## Your task
Once you reach the line with "The Maison Eggs" below, copy each line exactly, stopping after the line with "¾Õ¼­ Àü³¯ ³·", and skip any pictures.

## Materials provided
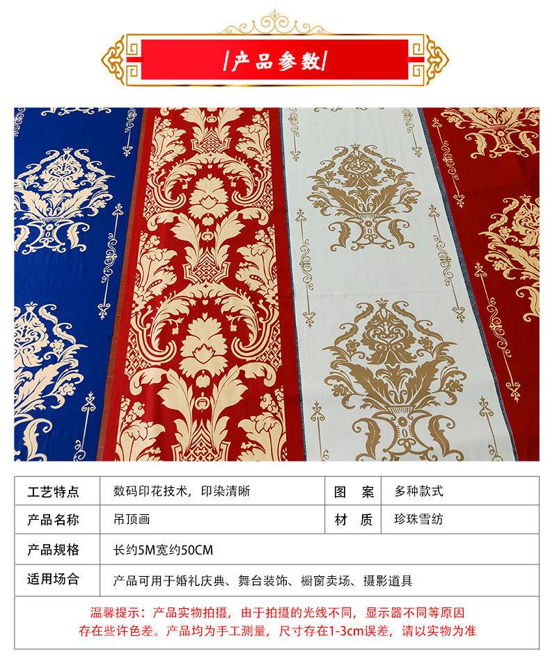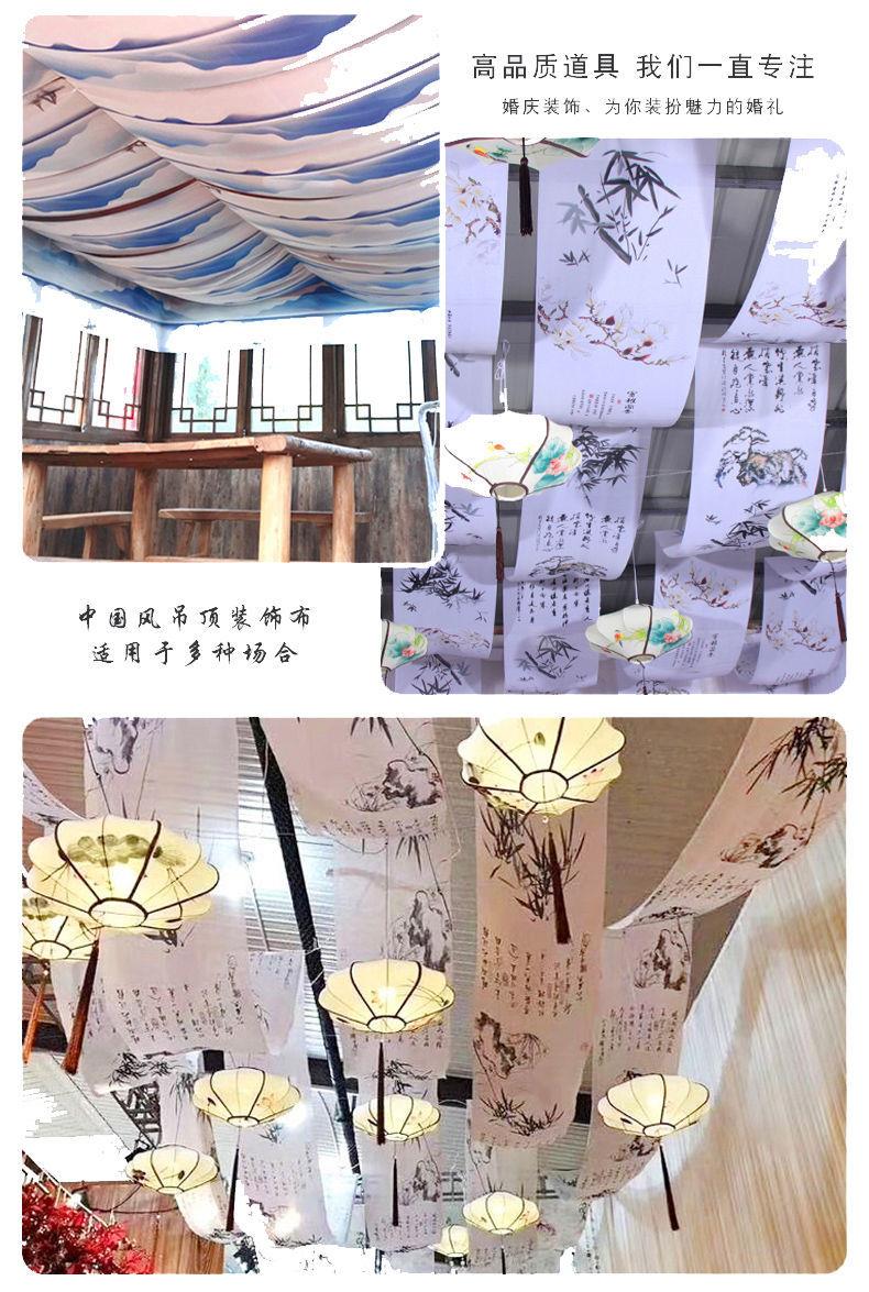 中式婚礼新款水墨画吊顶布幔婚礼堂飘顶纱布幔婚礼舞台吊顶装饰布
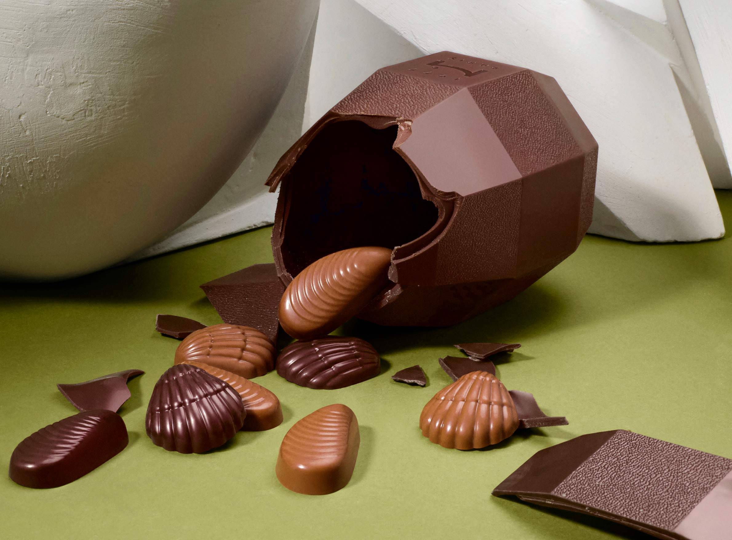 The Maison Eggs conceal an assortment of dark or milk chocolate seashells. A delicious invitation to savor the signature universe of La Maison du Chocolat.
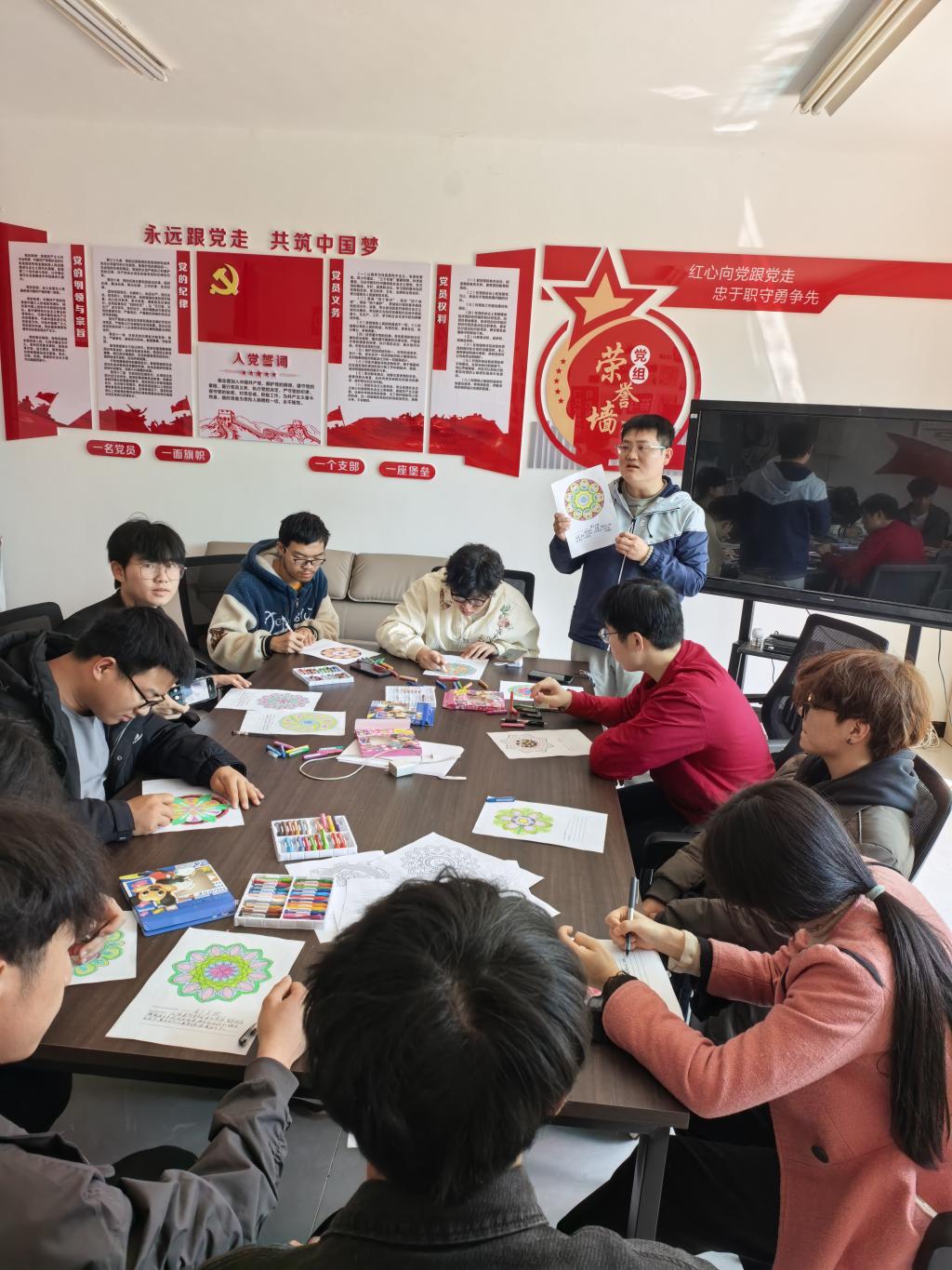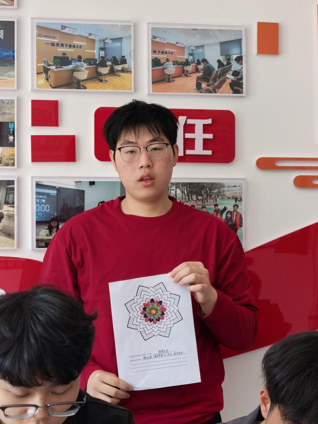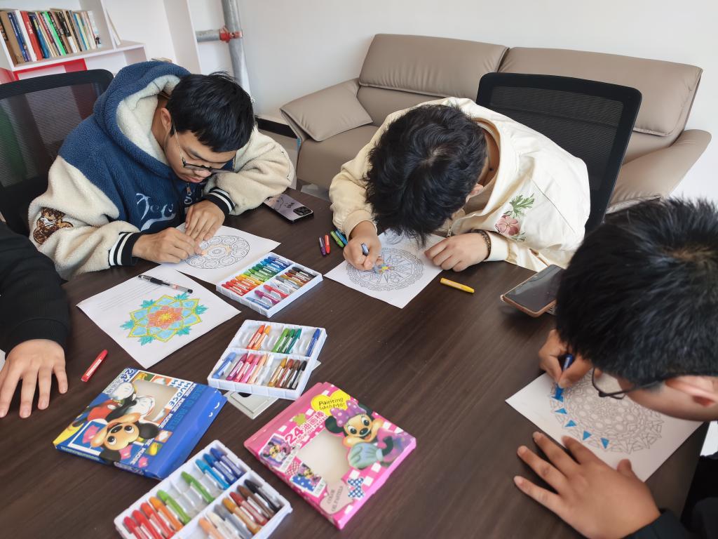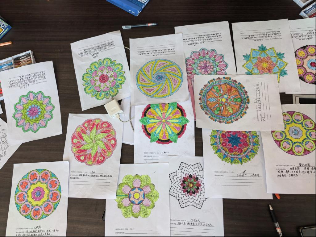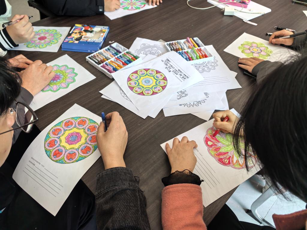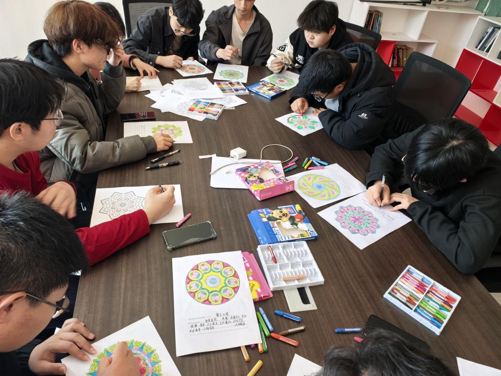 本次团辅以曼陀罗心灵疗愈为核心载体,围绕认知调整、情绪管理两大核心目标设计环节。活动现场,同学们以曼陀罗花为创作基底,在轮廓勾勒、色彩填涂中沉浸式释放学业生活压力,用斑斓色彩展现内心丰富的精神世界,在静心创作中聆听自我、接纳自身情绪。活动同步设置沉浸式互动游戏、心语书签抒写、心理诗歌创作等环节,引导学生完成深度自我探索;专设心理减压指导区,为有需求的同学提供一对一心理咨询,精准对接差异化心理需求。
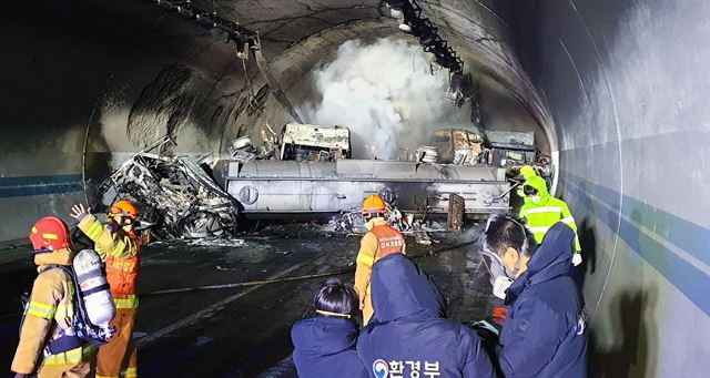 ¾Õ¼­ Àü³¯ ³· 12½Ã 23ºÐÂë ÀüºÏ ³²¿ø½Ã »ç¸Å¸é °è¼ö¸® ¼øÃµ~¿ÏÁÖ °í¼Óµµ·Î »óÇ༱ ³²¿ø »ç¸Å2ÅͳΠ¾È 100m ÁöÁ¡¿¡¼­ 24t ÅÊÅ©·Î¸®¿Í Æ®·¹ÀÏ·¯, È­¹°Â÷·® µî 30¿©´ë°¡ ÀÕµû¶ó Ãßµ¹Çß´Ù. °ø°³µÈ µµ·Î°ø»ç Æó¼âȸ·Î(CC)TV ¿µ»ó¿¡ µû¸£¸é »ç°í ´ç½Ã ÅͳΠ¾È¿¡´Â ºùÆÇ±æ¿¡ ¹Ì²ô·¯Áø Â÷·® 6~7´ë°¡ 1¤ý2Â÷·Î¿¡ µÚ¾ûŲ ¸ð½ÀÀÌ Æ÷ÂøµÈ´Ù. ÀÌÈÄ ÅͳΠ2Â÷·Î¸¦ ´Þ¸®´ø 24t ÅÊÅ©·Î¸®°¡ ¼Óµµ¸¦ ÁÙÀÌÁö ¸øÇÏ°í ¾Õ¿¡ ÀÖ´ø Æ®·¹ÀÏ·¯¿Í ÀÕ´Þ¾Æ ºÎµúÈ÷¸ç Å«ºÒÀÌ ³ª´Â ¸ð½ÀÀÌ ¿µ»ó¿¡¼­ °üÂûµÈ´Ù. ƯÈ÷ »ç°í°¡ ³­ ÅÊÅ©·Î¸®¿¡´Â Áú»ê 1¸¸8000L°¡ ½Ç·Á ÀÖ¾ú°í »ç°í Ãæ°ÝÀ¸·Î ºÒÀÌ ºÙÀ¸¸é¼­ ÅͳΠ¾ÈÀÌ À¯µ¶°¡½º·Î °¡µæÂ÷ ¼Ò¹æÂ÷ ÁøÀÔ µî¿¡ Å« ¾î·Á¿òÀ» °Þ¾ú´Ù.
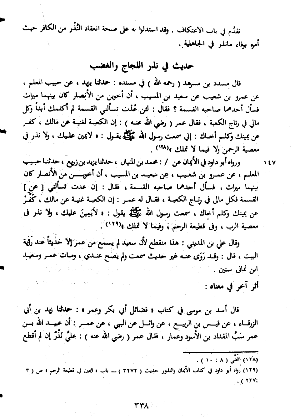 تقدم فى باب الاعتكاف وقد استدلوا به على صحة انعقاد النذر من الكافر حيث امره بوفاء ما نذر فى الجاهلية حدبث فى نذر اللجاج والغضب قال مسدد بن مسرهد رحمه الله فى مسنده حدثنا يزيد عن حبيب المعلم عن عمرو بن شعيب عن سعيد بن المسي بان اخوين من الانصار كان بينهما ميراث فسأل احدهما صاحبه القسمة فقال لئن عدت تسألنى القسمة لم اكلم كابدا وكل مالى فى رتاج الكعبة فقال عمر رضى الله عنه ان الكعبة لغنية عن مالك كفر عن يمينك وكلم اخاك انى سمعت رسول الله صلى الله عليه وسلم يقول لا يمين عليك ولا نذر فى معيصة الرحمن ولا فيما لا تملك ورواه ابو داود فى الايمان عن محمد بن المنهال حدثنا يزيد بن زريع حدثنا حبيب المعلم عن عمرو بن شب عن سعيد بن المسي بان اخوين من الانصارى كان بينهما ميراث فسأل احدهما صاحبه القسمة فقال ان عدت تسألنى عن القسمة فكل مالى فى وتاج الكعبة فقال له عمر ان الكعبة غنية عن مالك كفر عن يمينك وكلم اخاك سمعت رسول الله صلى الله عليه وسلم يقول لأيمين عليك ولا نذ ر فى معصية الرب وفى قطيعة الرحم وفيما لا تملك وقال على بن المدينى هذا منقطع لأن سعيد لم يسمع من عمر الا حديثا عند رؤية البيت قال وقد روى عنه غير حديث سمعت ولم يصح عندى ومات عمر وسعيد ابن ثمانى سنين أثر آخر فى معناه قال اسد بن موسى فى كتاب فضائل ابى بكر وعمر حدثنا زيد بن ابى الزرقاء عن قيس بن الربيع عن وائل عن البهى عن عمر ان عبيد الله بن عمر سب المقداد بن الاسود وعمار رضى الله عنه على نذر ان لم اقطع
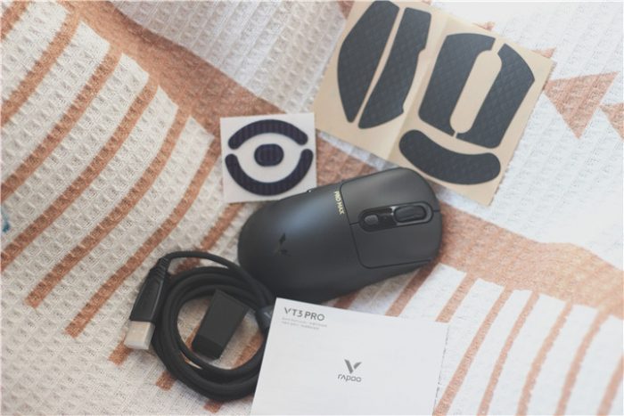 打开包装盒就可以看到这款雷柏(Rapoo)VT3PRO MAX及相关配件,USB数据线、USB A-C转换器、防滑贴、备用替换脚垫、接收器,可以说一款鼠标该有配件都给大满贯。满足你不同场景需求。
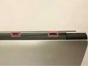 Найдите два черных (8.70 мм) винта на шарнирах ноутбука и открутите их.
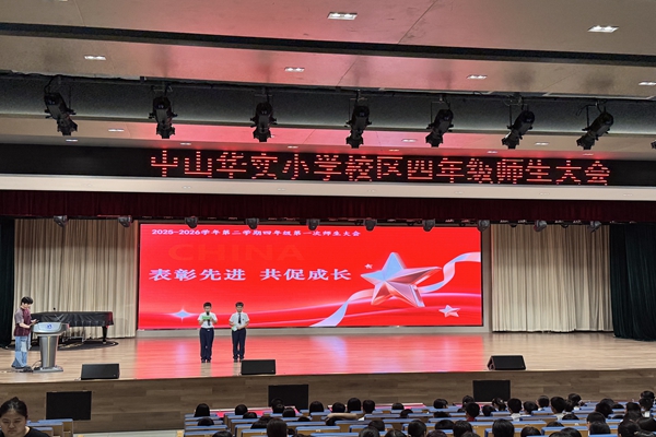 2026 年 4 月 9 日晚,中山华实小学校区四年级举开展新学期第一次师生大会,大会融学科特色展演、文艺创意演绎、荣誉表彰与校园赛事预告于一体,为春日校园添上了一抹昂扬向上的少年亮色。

## Reply to the exercise
 The Maison Eggs conceal an assortment of dark or milk chocolate seashells. A delicious invitation to savor the signature universe of La Maison du Chocolat.
 本次团辅以曼陀罗心灵疗愈为核心载体,围绕认知调整、情绪管理两大核心目标设计环节。活动现场,同学们以曼陀罗花为创作基底,在轮廓勾勒、色彩填涂中沉浸式释放学业生活压力,用斑斓色彩展现内心丰富的精神世界,在静心创作中聆听自我、接纳自身情绪。活动同步设置沉浸式互动游戏、心语书签抒写、心理诗歌创作等环节,引导学生完成深度自我探索;专设心理减压指导区,为有需求的同学提供一对一心理咨询,精准对接差异化心理需求。
 ¾Õ¼­ Àü³¯ ³· 12½Ã 23ºÐÂë ÀüºÏ ³²¿ø½Ã »ç¸Å¸é °è¼ö¸® ¼øÃµ~¿ÏÁÖ °í¼Óµµ·Î »óÇ༱ ³²¿ø »ç¸Å2ÅͳΠ¾È 100m ÁöÁ¡¿¡¼­ 24t ÅÊÅ©·Î¸®¿Í Æ®·¹ÀÏ·¯, È­¹°Â÷·® µî 30¿©´ë°¡ ÀÕµû¶ó Ãßµ¹Çß´Ù. °ø°³µÈ µµ·Î°ø»ç Æó¼âȸ·Î(CC)TV ¿µ»ó¿¡ µû¸£¸é »ç°í ´ç½Ã ÅͳΠ¾È¿¡´Â ºùÆÇ±æ¿¡ ¹Ì²ô·¯Áø Â÷·® 6~7´ë°¡ 1¤ý2Â÷·Î¿¡ µÚ¾ûŲ ¸ð½ÀÀÌ Æ÷ÂøµÈ´Ù. ÀÌÈÄ ÅͳΠ2Â÷·Î¸¦ ´Þ¸®´ø 24t ÅÊÅ©·Î¸®°¡ ¼Óµµ¸¦ ÁÙÀÌÁö ¸øÇÏ°í ¾Õ¿¡ ÀÖ´ø Æ®·¹ÀÏ·¯¿Í ÀÕ´Þ¾Æ ºÎµúÈ÷¸ç Å«ºÒÀÌ ³ª´Â ¸ð½ÀÀÌ ¿µ»ó¿¡¼­ °üÂûµÈ´Ù. ƯÈ÷ »ç°í°¡ ³­ ÅÊÅ©·Î¸®¿¡´Â Áú»ê 1¸¸8000L°¡ ½Ç·Á ÀÖ¾ú°í »ç°í Ãæ°ÝÀ¸·Î ºÒÀÌ ºÙÀ¸¸é¼­ ÅͳΠ¾ÈÀÌ À¯µ¶°¡½º·Î °¡µæÂ÷ ¼Ò¹æÂ÷ ÁøÀÔ µî¿¡ Å« ¾î·Á¿òÀ» °Þ¾ú´Ù.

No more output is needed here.